Davao de Oro, previously named Compostela Valley, was carved out of Davao del Norte Province by virtue of Republic Act No. 8470, signed by President Fidel V. Ramos on January 30, 1998, to become the 78th province of the Philippines. On March 7 of the same year, the law was ratified through a plebiscite conducted in the twenty-two municipalities of the mother province.
Initiatives to create a separate province from Davao del Norte started in the 80s during the time of Congressman Lorenzo S. Sarmiento, Sr., the author of the division of the original province of Davao into three provinces, namely Davao Oriental, Davao Del Sur, and Davao Del Norte. Believing that the sheer size of Davao Del Norte, then the 8th largest province in the country, had greatly hindered the realization of the province’s full potentials, he filed a bill in Congress seeking to create a new province to be composed of Mawab, Maragusan, New Bataan, Nabunturan, Montevista, Monkayo, and Compostela, with the latter as the capital town. However, this was not realized until his death in the late 80s. His son, Rogelio M. Sarmiento, who became his successor in Congress, made way for the passage of the bill creating the province.
Upon consultation with the then incumbent governor of Davao Del Norte, Prospero S. Amatong, the province’s other two legislators, namely Congressman Rodolfo P. Del Rosario of the third district and Congressman Baltazar A. Sator of the 2nd district; and the other provincial and municipal officials, it was decided that the addition of four municipalities, namely Maco, Mabini, Pantukan, and Laak to the proposed province would be ideal and equitable configuration as this would make both provinces on equal footing in terms of area, population, and development opportunities. It was also decided that Nabunturan would be the capital town because of its more central location.
The name originally proposed for the province was Davao Del Norte, the former name or so it was thought, of the mother province. However, the House of Representatives’ Reference and Research Bureau which conducted the research and legal work on the creation of the province found out that the mother province continues to be officially referred to as Davao Del Norte in various official documents including the 1987 Philippine Constitution despite the passage of RA No. 6430 on June 17, 1972 renaming it as Davao Province. Tedious technical and legal issues needed to be resolved before the name could be adopted, the proposal was thus, shelved and the name finally agreed upon was Compostela Valley, referring to the great fertile plain in the heartland of the province.
The origin of the province’s inhabitants came from the ethnic tribes of the Mansaka, Mandaya, Manobo, Mangguangan, Dibabawon, Aeta, Kamayo, Davaweño and Kalagan. Similar to the history of other Mindanao provinces, majority of the present inhabitants of the province are descendants of migrants from Luzon and Visayas islands during the pre-war and post war eras.
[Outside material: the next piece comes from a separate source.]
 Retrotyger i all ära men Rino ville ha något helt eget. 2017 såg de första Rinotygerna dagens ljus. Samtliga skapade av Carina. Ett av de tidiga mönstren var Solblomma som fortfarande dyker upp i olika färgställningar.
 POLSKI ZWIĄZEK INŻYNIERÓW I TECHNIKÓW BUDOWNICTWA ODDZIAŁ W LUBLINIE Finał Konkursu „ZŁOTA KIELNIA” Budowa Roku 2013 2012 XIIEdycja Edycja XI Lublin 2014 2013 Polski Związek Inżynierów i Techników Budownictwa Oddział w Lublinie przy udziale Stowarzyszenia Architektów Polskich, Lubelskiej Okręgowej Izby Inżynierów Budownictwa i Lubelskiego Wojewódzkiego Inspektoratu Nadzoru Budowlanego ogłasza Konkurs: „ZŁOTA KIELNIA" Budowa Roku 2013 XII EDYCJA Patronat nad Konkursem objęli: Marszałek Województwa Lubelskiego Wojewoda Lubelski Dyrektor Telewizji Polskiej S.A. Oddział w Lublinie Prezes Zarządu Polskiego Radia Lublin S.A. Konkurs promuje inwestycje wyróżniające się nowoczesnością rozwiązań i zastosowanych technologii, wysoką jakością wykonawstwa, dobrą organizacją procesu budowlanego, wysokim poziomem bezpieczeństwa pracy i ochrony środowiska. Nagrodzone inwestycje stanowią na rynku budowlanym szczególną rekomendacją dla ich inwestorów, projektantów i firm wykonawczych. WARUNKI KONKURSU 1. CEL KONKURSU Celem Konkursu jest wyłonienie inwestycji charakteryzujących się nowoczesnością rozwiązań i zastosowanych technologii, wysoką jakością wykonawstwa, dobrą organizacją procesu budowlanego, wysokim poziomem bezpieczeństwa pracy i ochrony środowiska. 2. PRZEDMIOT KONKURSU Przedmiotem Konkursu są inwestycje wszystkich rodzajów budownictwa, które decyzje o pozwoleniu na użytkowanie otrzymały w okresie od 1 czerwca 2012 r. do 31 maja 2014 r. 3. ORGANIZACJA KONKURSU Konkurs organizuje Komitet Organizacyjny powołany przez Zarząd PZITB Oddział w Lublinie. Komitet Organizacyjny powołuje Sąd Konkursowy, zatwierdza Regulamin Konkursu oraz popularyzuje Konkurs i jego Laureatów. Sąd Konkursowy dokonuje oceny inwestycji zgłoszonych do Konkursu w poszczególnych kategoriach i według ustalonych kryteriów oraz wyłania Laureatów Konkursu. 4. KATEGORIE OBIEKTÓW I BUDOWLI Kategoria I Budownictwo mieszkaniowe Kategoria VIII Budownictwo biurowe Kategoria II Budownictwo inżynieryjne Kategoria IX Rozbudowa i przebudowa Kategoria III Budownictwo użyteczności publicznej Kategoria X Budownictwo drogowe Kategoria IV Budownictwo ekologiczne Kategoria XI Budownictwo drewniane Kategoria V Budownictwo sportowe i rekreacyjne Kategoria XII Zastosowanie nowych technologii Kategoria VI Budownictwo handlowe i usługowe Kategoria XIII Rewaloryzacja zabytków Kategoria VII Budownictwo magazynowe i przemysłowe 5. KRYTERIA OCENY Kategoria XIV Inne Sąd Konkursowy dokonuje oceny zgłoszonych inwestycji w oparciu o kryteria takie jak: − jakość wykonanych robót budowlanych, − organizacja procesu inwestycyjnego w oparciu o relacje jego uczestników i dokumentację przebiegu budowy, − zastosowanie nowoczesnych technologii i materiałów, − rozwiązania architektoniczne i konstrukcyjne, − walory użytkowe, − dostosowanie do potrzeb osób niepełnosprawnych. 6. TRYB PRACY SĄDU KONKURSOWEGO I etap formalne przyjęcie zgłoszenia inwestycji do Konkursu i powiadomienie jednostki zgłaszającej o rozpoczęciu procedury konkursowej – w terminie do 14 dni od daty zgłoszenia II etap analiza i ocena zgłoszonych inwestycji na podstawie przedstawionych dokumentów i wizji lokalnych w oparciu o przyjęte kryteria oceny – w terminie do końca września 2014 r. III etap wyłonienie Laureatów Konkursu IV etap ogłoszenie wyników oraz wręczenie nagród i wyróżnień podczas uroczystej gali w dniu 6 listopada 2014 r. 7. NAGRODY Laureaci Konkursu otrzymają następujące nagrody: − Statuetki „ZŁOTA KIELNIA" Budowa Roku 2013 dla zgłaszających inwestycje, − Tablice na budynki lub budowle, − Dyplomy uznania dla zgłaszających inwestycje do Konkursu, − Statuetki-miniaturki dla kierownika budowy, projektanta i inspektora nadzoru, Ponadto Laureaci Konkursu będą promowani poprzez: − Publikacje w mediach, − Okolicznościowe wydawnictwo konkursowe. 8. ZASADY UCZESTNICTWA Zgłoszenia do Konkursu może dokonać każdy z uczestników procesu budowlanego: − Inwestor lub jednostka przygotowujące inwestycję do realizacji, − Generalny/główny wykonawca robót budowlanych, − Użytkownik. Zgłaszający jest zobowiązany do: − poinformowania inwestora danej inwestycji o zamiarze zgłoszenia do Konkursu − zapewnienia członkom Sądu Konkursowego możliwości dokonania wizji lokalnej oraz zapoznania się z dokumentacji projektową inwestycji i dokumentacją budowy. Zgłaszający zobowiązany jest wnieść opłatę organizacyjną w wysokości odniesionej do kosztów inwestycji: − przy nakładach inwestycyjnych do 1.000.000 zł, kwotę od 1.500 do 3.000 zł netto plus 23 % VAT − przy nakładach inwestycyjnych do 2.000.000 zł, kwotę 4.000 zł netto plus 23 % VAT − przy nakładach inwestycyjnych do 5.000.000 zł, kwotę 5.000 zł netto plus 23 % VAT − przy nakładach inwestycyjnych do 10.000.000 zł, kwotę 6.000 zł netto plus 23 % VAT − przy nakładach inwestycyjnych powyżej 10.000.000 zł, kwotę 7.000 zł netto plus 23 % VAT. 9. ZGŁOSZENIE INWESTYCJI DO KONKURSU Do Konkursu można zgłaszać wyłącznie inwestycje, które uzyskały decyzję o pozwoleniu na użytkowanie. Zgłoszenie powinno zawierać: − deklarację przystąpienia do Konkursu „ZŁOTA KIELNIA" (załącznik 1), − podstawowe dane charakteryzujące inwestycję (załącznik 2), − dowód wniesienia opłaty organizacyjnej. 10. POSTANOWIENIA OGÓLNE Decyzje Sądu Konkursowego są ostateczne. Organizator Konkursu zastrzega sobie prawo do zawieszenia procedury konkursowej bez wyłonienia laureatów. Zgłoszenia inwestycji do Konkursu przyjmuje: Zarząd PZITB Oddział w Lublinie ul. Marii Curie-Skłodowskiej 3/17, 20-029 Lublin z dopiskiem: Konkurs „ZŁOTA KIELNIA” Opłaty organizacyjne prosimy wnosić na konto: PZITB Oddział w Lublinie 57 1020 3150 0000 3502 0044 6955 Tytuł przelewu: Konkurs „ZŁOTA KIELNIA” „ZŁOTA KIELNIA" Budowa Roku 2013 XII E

The bigger wave of immigrants came during the time of President Ramon Magsaysay wherein the policy of attraction adopted by the national government was to offer parcels of land to tenant-farmers. Although a virtual melting pot, the Visayans (mostly Cebuano-speaking) are the dominant group in Compostela Valley.
New as it was, Davao de Oro had achieved a distinction of sorts with the succession of three governors within only the first four months of its existence. The first governor of the province was Prospero S. Amatong, the three-term governor (1986-1998) of the then undivided province of Davao Del Norte, who held the position only for a day. As provided for in the law creating the new province, “incumbent elected officials (of Davao Del Norte) are given option to serve the remainder of their term in Compostela Valley,” Amatong took this option and assumed the governorship of Compostela Valley on March 26, 1998. The following day, he resigned and filed his candidacy for the congressional seat of the 2nd district of the new province. The governorship was turned over to Luz M. Sarmiento, by virtue of a presidential appointment.
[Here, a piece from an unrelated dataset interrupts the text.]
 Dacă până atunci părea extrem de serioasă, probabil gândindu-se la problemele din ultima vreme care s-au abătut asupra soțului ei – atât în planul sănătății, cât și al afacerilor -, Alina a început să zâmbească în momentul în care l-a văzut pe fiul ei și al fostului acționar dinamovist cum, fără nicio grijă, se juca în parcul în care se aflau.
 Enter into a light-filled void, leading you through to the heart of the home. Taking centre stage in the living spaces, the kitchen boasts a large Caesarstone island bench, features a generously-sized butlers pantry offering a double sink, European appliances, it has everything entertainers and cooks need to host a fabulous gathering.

Luz M. Sarmiento, wife of the late Congressman Lorenzo S. Sarmiento, Sr. served the province from March 27, 1998 to June 30, 1998. She was then succeeded by Jose R. Caballero.
Jose R. Caballero, a practicing lawyer and former vice governor of then undivided Davao Del Norte (1988-1992), was the first elected governor of Compostela Valley.
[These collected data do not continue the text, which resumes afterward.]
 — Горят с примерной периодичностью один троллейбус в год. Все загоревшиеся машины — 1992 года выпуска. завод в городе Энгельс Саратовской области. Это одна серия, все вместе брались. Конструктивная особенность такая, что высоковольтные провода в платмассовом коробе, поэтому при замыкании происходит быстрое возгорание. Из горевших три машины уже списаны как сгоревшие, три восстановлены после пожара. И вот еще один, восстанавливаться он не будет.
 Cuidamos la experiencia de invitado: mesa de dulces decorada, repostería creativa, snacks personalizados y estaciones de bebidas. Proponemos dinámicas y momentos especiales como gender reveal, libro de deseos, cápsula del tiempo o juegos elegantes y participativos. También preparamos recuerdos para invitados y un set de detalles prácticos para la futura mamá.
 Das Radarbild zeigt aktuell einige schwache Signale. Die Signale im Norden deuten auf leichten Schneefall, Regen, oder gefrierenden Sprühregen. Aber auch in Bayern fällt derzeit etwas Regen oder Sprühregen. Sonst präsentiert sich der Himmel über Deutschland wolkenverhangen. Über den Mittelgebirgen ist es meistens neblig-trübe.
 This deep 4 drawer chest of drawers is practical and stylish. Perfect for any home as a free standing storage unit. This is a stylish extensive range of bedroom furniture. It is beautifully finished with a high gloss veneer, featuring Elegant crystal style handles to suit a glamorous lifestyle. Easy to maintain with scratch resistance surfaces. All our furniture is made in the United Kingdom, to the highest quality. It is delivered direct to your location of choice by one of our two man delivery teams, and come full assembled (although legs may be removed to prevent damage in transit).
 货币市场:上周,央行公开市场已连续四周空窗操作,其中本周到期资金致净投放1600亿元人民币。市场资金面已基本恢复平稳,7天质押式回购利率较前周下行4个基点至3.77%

Arturo T. “Chiongkee” Uy is the fourth governor of Compostela Valley. He first served the province as a member of the 3rd Sangguniang Panlalawigan of Compostela Valley (2004-2007) before he was elected as governor in the May 2007 local elections. Among his first acts as governor was the forging of genuine unity among political leaders and among all sectors in the province in order to have synergy in crafting the province’s development and delivery of public services. Governor Chiongkee had completed his third term of office as governor until he was elected as senior board member of the province’s second district during the May 2016 national and local elections.
The incumbent and fifth governor, Jayvee Tyron L. Uy has succeeded his father, former governor Chiongkee, when he won the position during the May 2016 election. Included in his agenda as governor is to sustain and finish the various development initiatives that had been started by the previous administration. Inspired by the legacy of his father, Governor Jayvee showcases his leadership under his development drive of “One Comval. One Vision.” and “Walang Iwanan”.